Saved doesn’t do too much else, and that’s the idea, says the startup’s founder, Vito Chin:
“We try to make an app that people will continue to use on a daily basis, so usability-wise we are very different from most of the offerings out there. Instead of asking a lot of questions trying to be too smart and intrusive, we peel away all the frills and let the user get down to business happily, either enter a transaction or see how much is spent. The focus is on the efficiency of both of these actions. In that sense, Saved becomes more of a tracking and visualisation tool centred around financial transactions.”
There’s an in-app purchase if you need to input more than 100 items in a month. Then you effectively have Saved Pro.
Chin says that other in-app purchase options –- as well as extra features –- might be added after listening to feedback from users. The app launched on New Year’s Day.

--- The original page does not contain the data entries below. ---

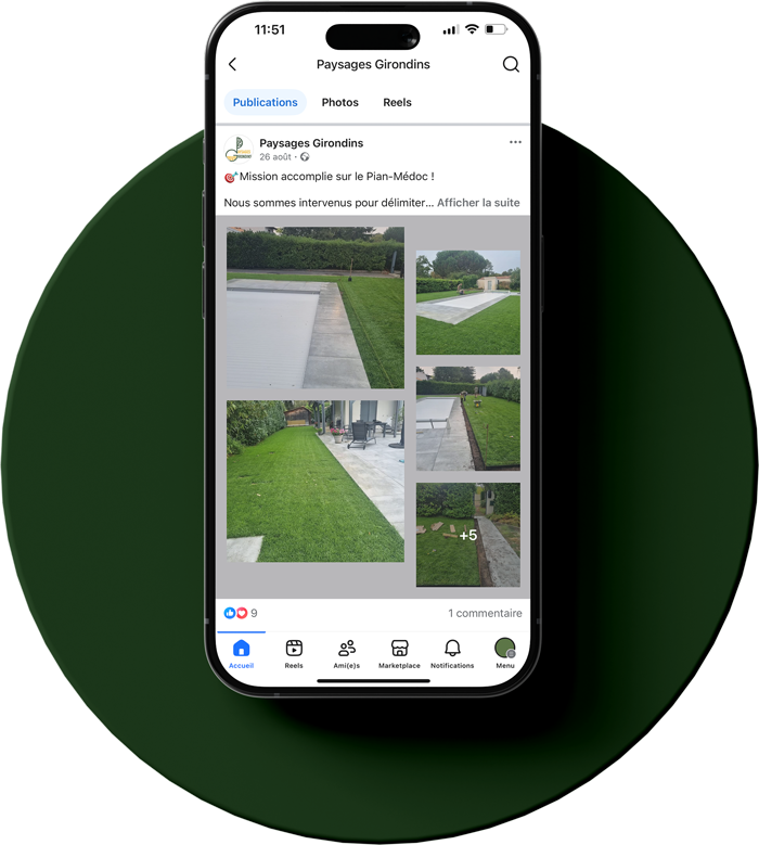 Suivez Paysages Girondins sur nos réseaux sociaux et découvrez nos réalisations, conseils et inspirations au fil des saisons. Nous partageons régulièrement des photos avant/après, des idées d’aménagement extérieur et des astuces pour entretenir vos espaces verts toute l’année.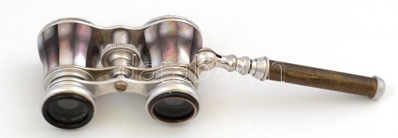 Beschreibung: Gyöngyház díszítésű nyeles színházi látcső, működik, kopásnyomokkal, 10×6,5 cm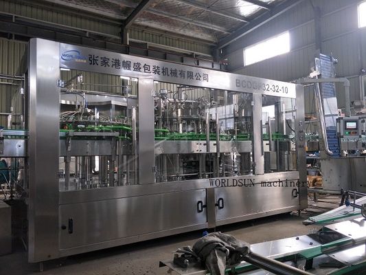 The bottles are transported to the three in one filling machine by the bottle air conveying system through the bottle shifting star wheel. The rotary table of the bottle punching machine is equipped with a bottle clamp, which clamps the bottle mouth and turns 180 degrees along a guide rail, Make the bottle mouth downward. In the specific area of the bottle washing machine, the nozzle sprays the bottle washing disinfectant or water to wash the inner wall of the bottle. After being washed and drained, the bottle is turned over 180 times along the guide rail under the bottle clamp, Make the bottle mouth up. The washed bottles are led out by the bottle washing machine through the star wheel and then transferred to the filling machine. The bottle entering the filling machine is held by the bottle mouth stuck by the bottle neck supporting plate. Filling valve through the valve lifting mechanism under the action of cam to achieve falling and rising. The pressure filling method is adopted. After the filling valve drops and contacts the bottle mouth, it opens to complete the filling process. After filling, the filling valve rises and leaves the bottle mouth, and the bottle enters the capping machine through the transition wheel of the bottle neck. The anti rotation knife on the capping machine blocks the bottle neck to keep the bottle upright and prevent rotation. The capping head keeps revolution and rotation on the capping machine. Under the action of cam, the capping head grabs, covers, spins and takes off the capping head to complete the whole capping process. The finished bottle is transferred from the capping machine to the bottle delivery chain by the bottle delivery wheel, and the three in one bottler is transferred by the delivery chain. The whole equipment is sealed by window sealing, the height of window sealing is higher than the equipment Zui high point, there are appropriate channels at the bottle inlet and outlet, and there are exhaust slots at the bottom of window sealing.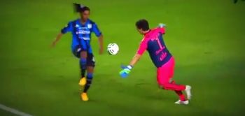 Playing for Mexican club Queretaro, the 35-year-old Brazilian flicked the ball out of the hands of Santos Laguna goalkeeper Agustin Marchesin and tapped it into the empty net.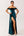 Robe de demoiselle d’honneur à col bénitier gainée florale verte avec fente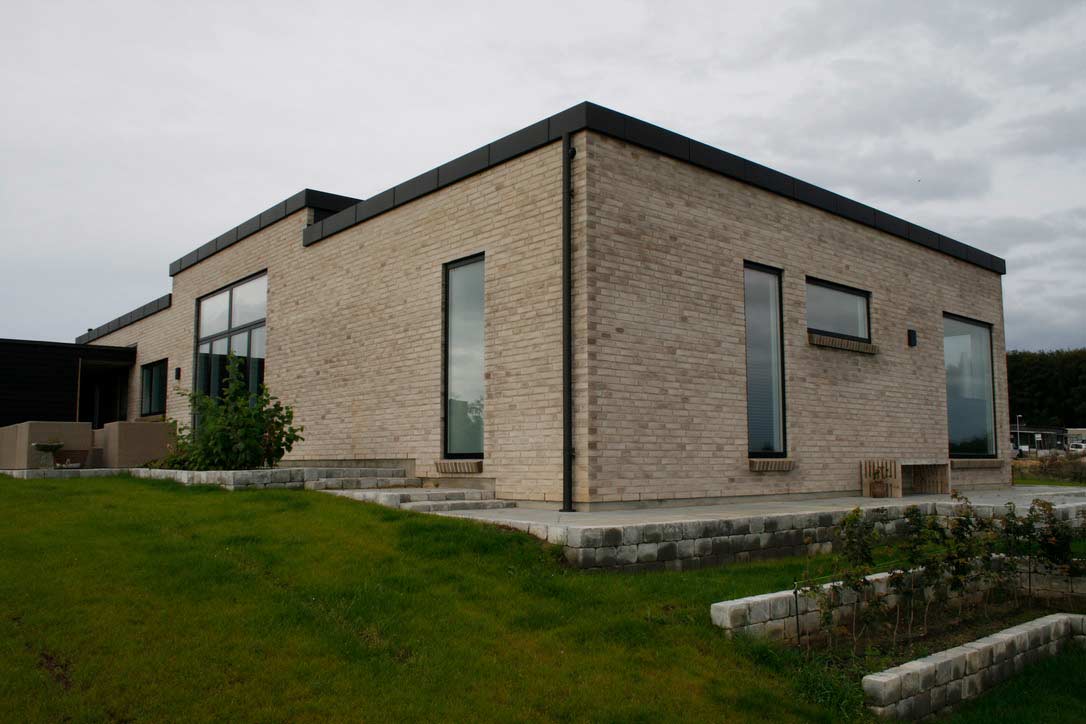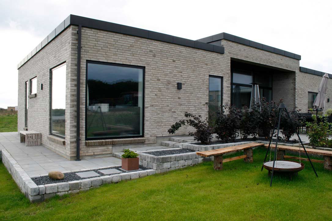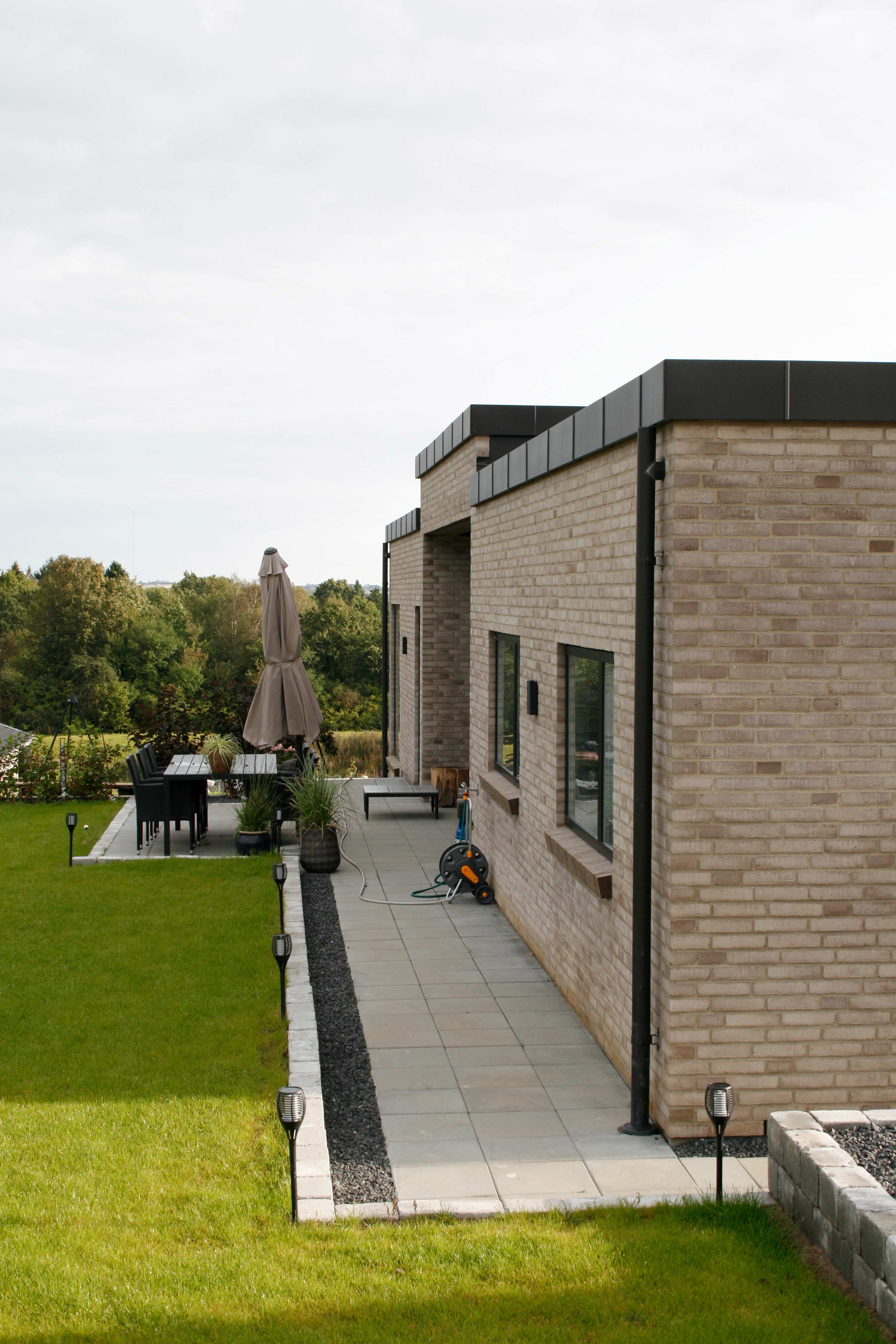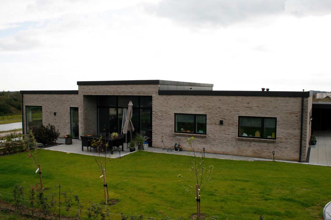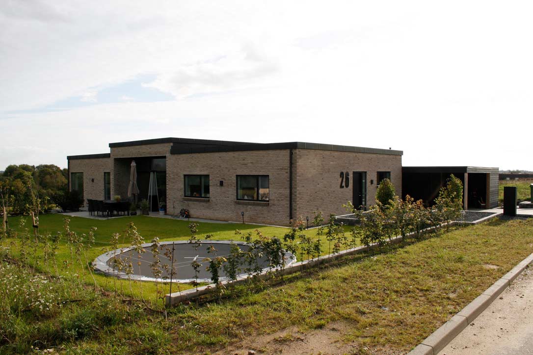Huset er 177 m2 med tilhørende carport og skur.Det centrale rum i huset er køkken og spisestuen, hvor der er højt til loftet og store vinduespartier mod øst og vest. Den skrånende grund mod nord gør, at haven er i forskellige niveauer.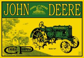 TD-668 John Deere Tractor "GP" Model nostalgic tin sign. Collector metal signs. Great for decorating homes, offices, restaurants, etc. Lithographed steel metal. TD668 Size: 16"W x 11"H. Mounted on a black 20" x 16" card.

Saved is made by the eight-man team at app developers Lentor. They’re all based in Kuala Lumpur, though Chin is drawn to the Lion City, Singapore, and works remotely from there.
Counting up rival apps
As most smartphone users will realise, there are a ton of personal finance and budgeting apps out there, inspired by the success of Mint. To add to the confusion, these apps don’t all cover the same areas of personal finance. Some of these finance apps only work in certain countries; some connect to your bank account to automate the process much more; some connect to your social networks.
Just in Asia, we’ve seen home finance and budgeting apps like Zaim, Japan’s Moneytree, Korea’s M-Story, and the good-looking DailyCost from China.
Saved is most like DailyCost in terms of its features –- they both don’t connect with social networks (which is a good thing in my book), but neither connect to your bank or credit cards, so you’re a bit in the dark about how your spending weighs up against your monthly income. Plus, both share an appealing, elegant UI as well.